Mientras tanto, las familias iraníes continúan enfrentando decisiones imposibles. Deben elegir entre la verdad y recuperar a sus seres queridos. El dolor se multiplica ante la imposibilidad de realizar funerales dignos.
La práctica de cobrar por los cuerpos añade sufrimiento a las familias. Ya han perdido a sus seres queridos en las protestas. Ahora deben enfrentar extorsión para poder enterrarlos según sus tradiciones.
Esta situación revela la profundidad de la crisis humanitaria en Irán. Las autoridades utilizan los cuerpos como instrumento de presión política. Las familias quedan atrapadas entre el duelo y la manipulación gubernamental.
Los testimonios recogidos por BBC Persian muestran desesperación generalizada. Las personas buscan cualquier manera de recuperar a sus familiares fallecidos. Algunos recurren a préstamos imposibles de pagar en el futuro.

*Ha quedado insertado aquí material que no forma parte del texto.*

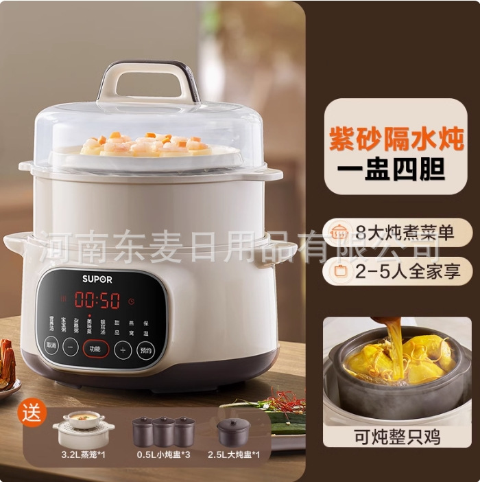 蘇泊爾シチューは水を隔てて家庭用の自動蒸し器スープの紫砂電気土鍋陶磁器の電気シチューの鍋を煮込みます。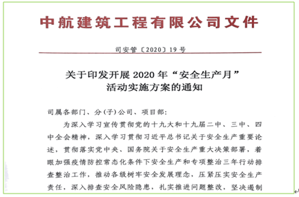 中航建筑工程有限公司2020年“安全生產(chǎn)月”活動總結(jié)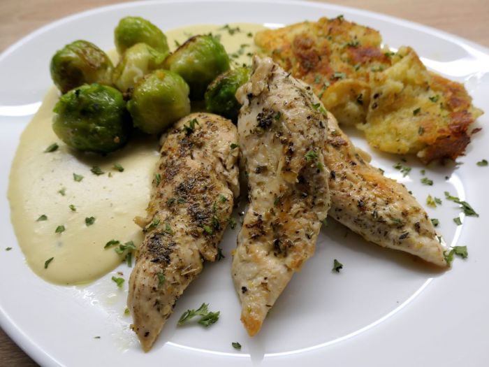 Den geputzten Rosenkohl in Salzwasser bissfest garkochen. Durch ein Sieb abschütten und zur Seite stellen. Die Hähnchenbrust Stücke waschen und trocken tupfen. Von beiden Seiten mit Salz, etwas Pfeffer und den Kräutern würzen. In einer Pfanne mit wenig Öl von beiden Seiten goldbraun braten. Kurz vor Ende der Garzeit die Rosenkohlstücke mit in die Pfanne geben.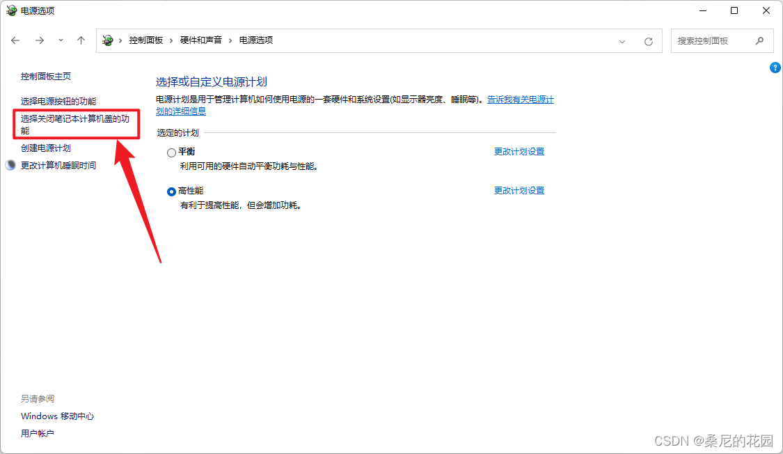 2、进入 “电源选项” → 进入 “选择关闭笔记本计算机盖的功能”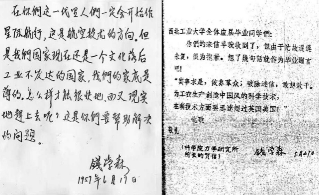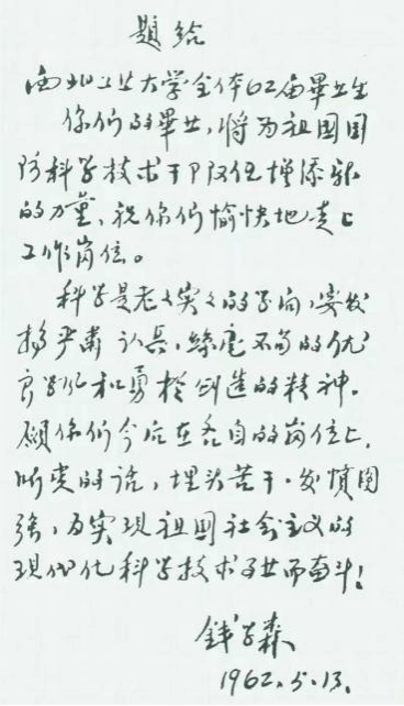 图|1962年钱学森给西工大毕业生的寄语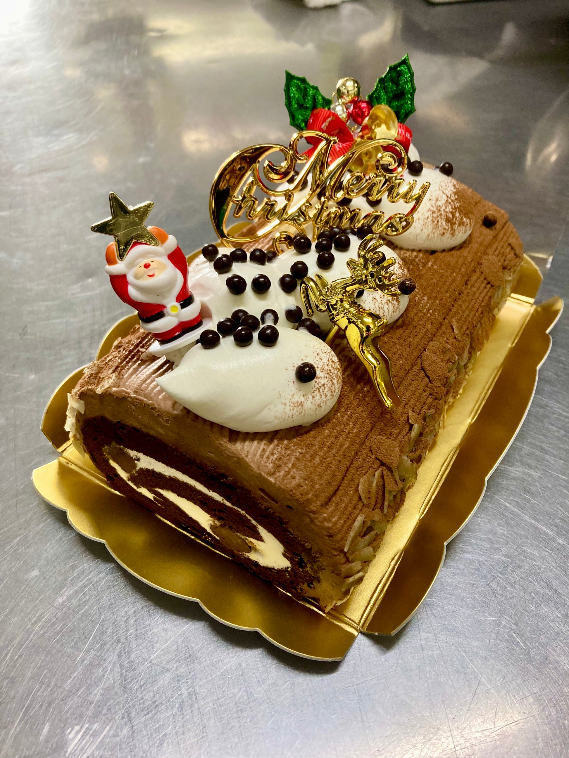 小麦粉・ナッツ不使用のショコラ生地に、クリームたっぷりのロールケーキ。生チョコとキャラメルソース、チョコチップがアクセント。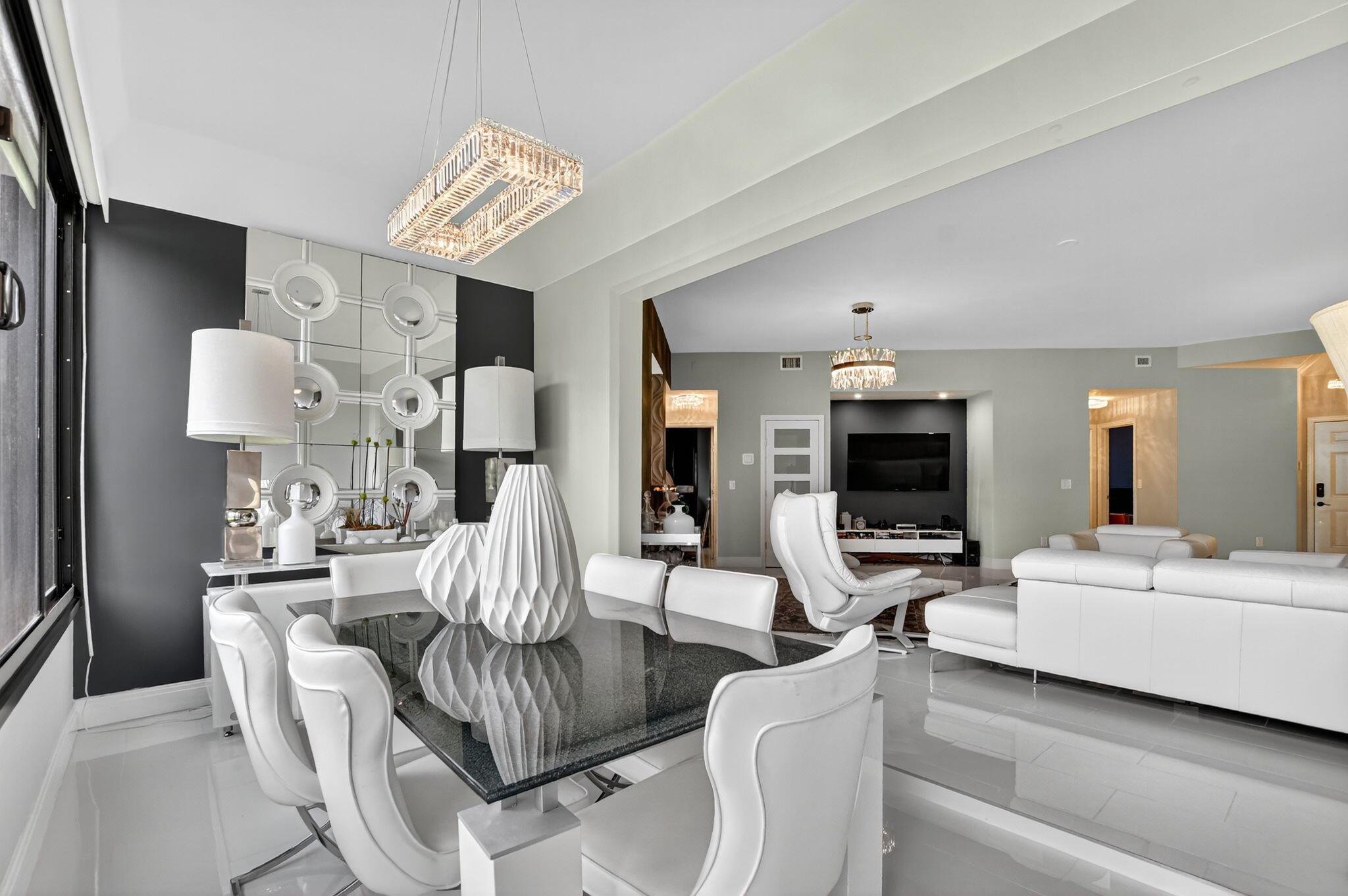 Fully renovated 2BR/2BA ground-floor corner condo in La Paz at Boca Pointe, an all-ages, guard-gated community with optional club membership. 1,636 total sq ft (includes Florida room & lanai) with no stairs or elevators required. Modern kitchen with white gloss cabinets, quartz leather counters, backlit stone geode pass-through, and Samsung appliances. Dining room opens to a glass-enclosed Florida room with walkout access and tranquil lake and garden views. Kitchen and primary suite open to a screened lanai. Porcelain tile floors, motorized blinds, full impact glass, and storm shutters. Primary bath features jetted tub, frameless shower, and double vanity. Guest bath with sleek stall shower. In-unit washer/dryer, A/C, assigned parking. Two pools, tennis, clubhouse, Covenient to ALL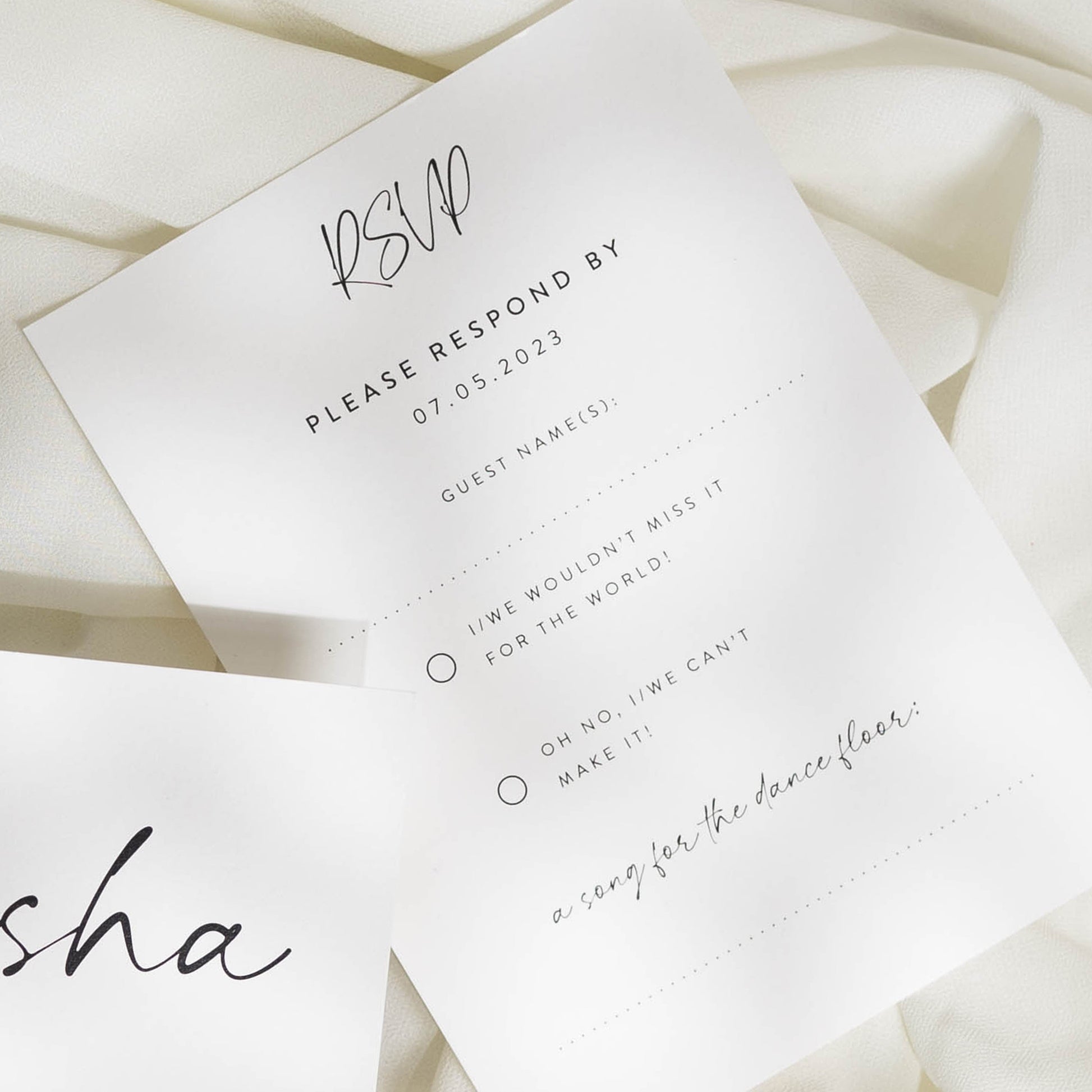 RSVPS: Choose one sided for a simple yes/no response or both sides for menu choices.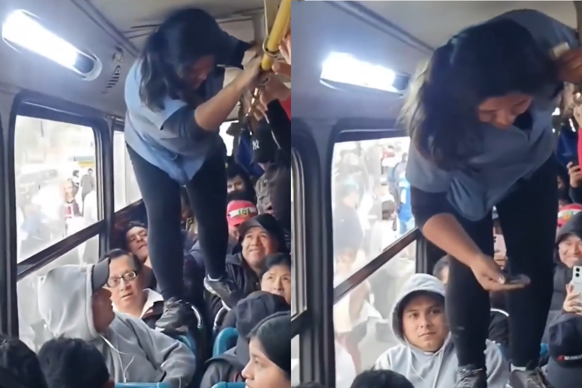 Sul bus in Perù una bigliettaia si arrampica sui sedili e sui passeggeri per riscuotere i biglietti. Il video diventa virale sui social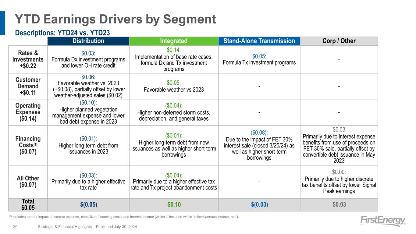 YTD Earnings Summary and Reconciliation Strategic & Financial Highlights – Published July 30, 202419 Strategic & Financial Highlights – Published July 30, 2024 EPS Variance Analysis Stand-Alone Corporate / FirstEnergy Corp. (in millions, except per share amounts) Distribution Integrated Transmission Other Consolidated 2023 Earnings (Loss) Attributable to FirstEnergy Corp. - (GAAP) $331 $145 $201 $(150) $527 2023 Basic Earnings (Loss) Per Share - GAAP (avg. shares outstanding 573M) $0.58 $0.25 $0.35 $(0.26) $0.92 Special Items - 2023 Enhanced employee retirement and other related costs 0.02 0.02 — — 0.04 Debt-related costs — — — 0.05 0.05 FE Forward costs to achieve 0.01 0.01 — 0.04 0.06 Investigation and other related costs — — — 0.04 0.04 Mark-to-market adjustments - Pension/OPEB actuarial assumptions (0.04) (0.03) — 0.01 (0.06) Regulatory charges — 0.01 — — 0.01 Total Special Items - 2023 (0.01) 0.01 — 0.14 0.14 2023 Operating Earnings (Loss) Per Share - Non-GAAP $0.57 $0.26 $0.35 $(0.12) $1.06 Rates & Investments 0.03 0.14 0.05 — 0.22 Customer demand 0.06 0.05 — — 0.11 Operating Expense (0.10) (0.04) — — (0.14) Financing Costs (0.01) (0.01) (0.08) 0.03 (0.07) All Other (0.03) (0.04) — — (0.07) 2024 Operating Earnings (Loss) Per Share - Non-GAAP $0.52 $0.36 $0.32 $(0.09) $1.11 Special Items - 2024 ARO regulatory change (0.06) (0.02) — (0.20) (0.28) Debt-related costs — — — (0.12) (0.12) FE Forward cost to achieve (0.01) — — — (0.01) Investigation and other related costs — — — (0.07) (0.07) Regulatory charges (0.04) 0.01 — — (0.03) Strategic transaction charges — (0.02) (0.03) (0.03) (0.08) Total Special Items - 2024 (0.11) (0.03) (0.03) (0.42) (0.59) 2024 Basic Earnings (Loss) Per Share - GAAP (avg. shares outstanding 575M) $0.41 $0.33 $0.29 $(0.51) $0.52 2024 Earnings (Loss) Attributable to FirstEnergy Corp. - (GAAP) $233 $190 $165 $(290) $298 Per share amounts for the special items and earnings drivers above and throughout this report are based on the after-tax effect of each item divided by the number of shares outstanding for the period. The current and deferred income tax effect was calculated by applying the subsidiaries' statutory tax rate to the pre-tax amount if deductible/taxable. The income tax rates range from 21% to 29% in 2024 and 2023. YTD June Summary YTD June Reconciliation 2024 2023 Change GAAP Earnings Per Basic Share $0.52 $0.92 $(0.40) Special Items $0.59 $0.14 $0.45 Operating (Non-GAAP) Earnings Per Share $1.11 $1.06 $0.05 Note: Refer to slide 3 for information on Non-GAAP Financial Matters.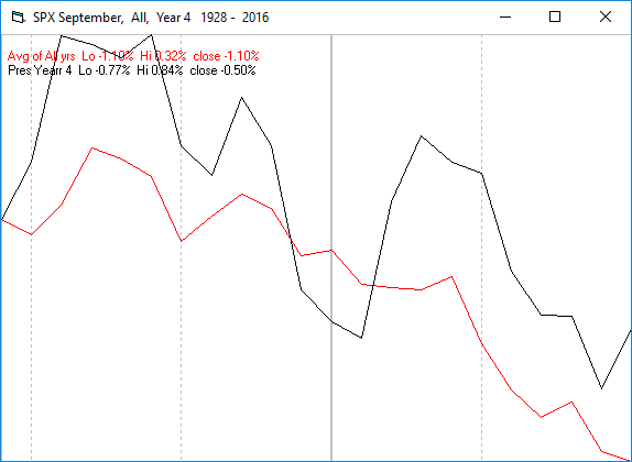 En la siguiente imagen vemos el movimiento estacional del S&P500 durante septiembre.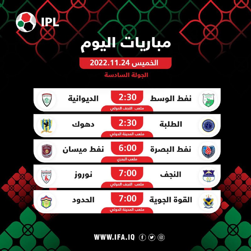 جدول مباريات اليوم الجمعة من منافسات الدوري العراقي الممتاز

Otros aceptan las condiciones impuestas por las autoridades a regañadientes. Firman documentos falsos declarando a sus familiares como mártires del régimen. Esta humillación se suma al dolor de la pérdida irreparable.
La comunidad internacional continúa monitoreando estos abusos de derechos humanos. Organizaciones de defensa documentan cada caso para futuros procesos de justicia. Los testimonios se acumulan como evidencia de crímenes contra la población civil.